Le paradoxe d’Easterlin renforce précisément l’idée selon laquelle avoir de l’argent et être heureux ne sont pas des réalités qui s’impliquent mutuellement. Le niveau de nos revenus comporte de nombreux aspects qui sont relatifs. Détaillons ci-après cette idée intéressante.
Le paradoxe d’Easterlin
C’est l’économiste Richard Eastearlin qui a posé le paradoxe d’Easterlin. La première réflexion qu’il a émise présentait un caractère général. Il évoquait en effet une réalité que beaucoup d’entre nous connaissons : le fait que les pays où vivent les habitants ayant les revenus les plus élevés ne sont pas les plus heureux. Et les pays présentant les plus faibles niveaux de revenus ne sont pas les plus malheureux.
Ce simple postulat, étayé de preuves, contredit l’idée répandue selon laquelle plus le montant des revenus est élevé, plus le bonheur est grand. La première question qui est apparue a été de savoir si, après avoir atteint certains niveaux de revenu, les gens se trouvent limités dans leur capacité à être heureux.
Il existe un autre aspect du paradoxe d’Easterlin. Nous constatons en effet que les résultats changent si nous comparons les différences de revenus au sein d’un même pays. Sur un même territoire, les personnes à faible revenu sont moins heureuses et inversement. Comment expliquer cela ?
Le paradoxe d’Easterlin renforce l’idée qu’avoir de l’argent et être heureux ne sont pas des réalités qui s’impliquent mutuellement.
La relativité des revenus
Easterlin a ni plus ni moins repris une métaphore de Karl Marx pour expliquer toutes ces observations. Ce dernier a déclaré que si une personne possède une maison qui répond à ses besoins, elle sera alors à même de se sentir satisfaite. Elle ne percevra néanmoins sa maison que comme une simple cabane si quelqu’un bâtit un somptueux palais juste à côté.
Easterlin a émis deux conclusions à partir de cela. La première est que les personnes qui perçoivent des revenus élevés ont tendance à être plus heureuses. La seconde, que les individus considèrent leurs revenus comme « élevés » en égard aux revenus de ceux qui les entourent. Cela expliquerait la différence de relation entre bonheur et revenus au niveau interne et au niveau de tous les pays.

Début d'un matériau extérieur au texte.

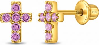 A glimmering pair of cubic zirconia encrusted cross earrings for a special little girl. These cross earrings are the sweetest details for a little girl to wear on her special Day. A pair of religious cross earrings that can be worn to a baptism, first communion or simply just because. Detailed with sparkling cubic zirconia stones, it makes the sweetest detail for a special day. Made from hypoallergenic 14k gold over sterling silver, it is safe for girls with sensitive skin. The safety screw back closures make it easy for earrings to remain safely in place. Arrives in a gift box for easy gifting.

Le paradoxe d’Estearlin souligne donc que la perception de notre bien-être est directement conditionnée par la comparaison que nous faisons avec ceux qui nous entourent. En d’autres termes, le contexte est déterminant pour que le niveau de revenu soit source de bonheur ou non.
Les revenus ou l’équité ?
Richard Estearlin n’a jamais déclaré directement que des revenus plus ou moins élevés étaient à l’origine du sentiment de bonheur ou de malheur. Le paradoxe d’Estearlin souligne en effet simplement qu’un niveau de revenu plus élevé ne génère pas nécessairement un plus grand sentiment de bonheur. Cela dépend du contexte dans lequel cette situation se produit. Une question se pose alors. L’équité, et non le niveau des revenus, pourrait-elle être ce qui génère le bonheur ou le malheur ?
En d’autres termes, est-il possible de considérer, à partir du paradoxe d’Estearlin, que les grandes différences de revenus dans une société sont une source de mal-être ?
Dans un contexte de grande inégalité, être au-dessus des autres pourrait susciter un sentiment de plus grande satisfaction à l’égard de la vie. En revanche, se sentir en dessous des autres conduirait à un sentiment de plus grande frustration et de tristesse.
Le problème n’est, ni dans un cas ni dans l’autre, directement lié à la satisfaction des besoins. En d’autres termes : mes revenus peuvent me permettre de vivre sans difficultés majeures ; mais si je perçois que les autres vivent bien mieux que moi, je sentirai que je ne gagne pas suffisamment.
Il s’agit probablement de ce qui se passe dans les pays les plus riches. En effet, la majorité de la population voit ses besoins couverts. Or, l’étalage de la richesse des grandes élites économiques assombrit le sentiment de conformité et de bonheur. Il est par ailleurs peut-être plus facile d’être heureux dans les pays pauvres, où la grande majorité dispose de faibles revenus.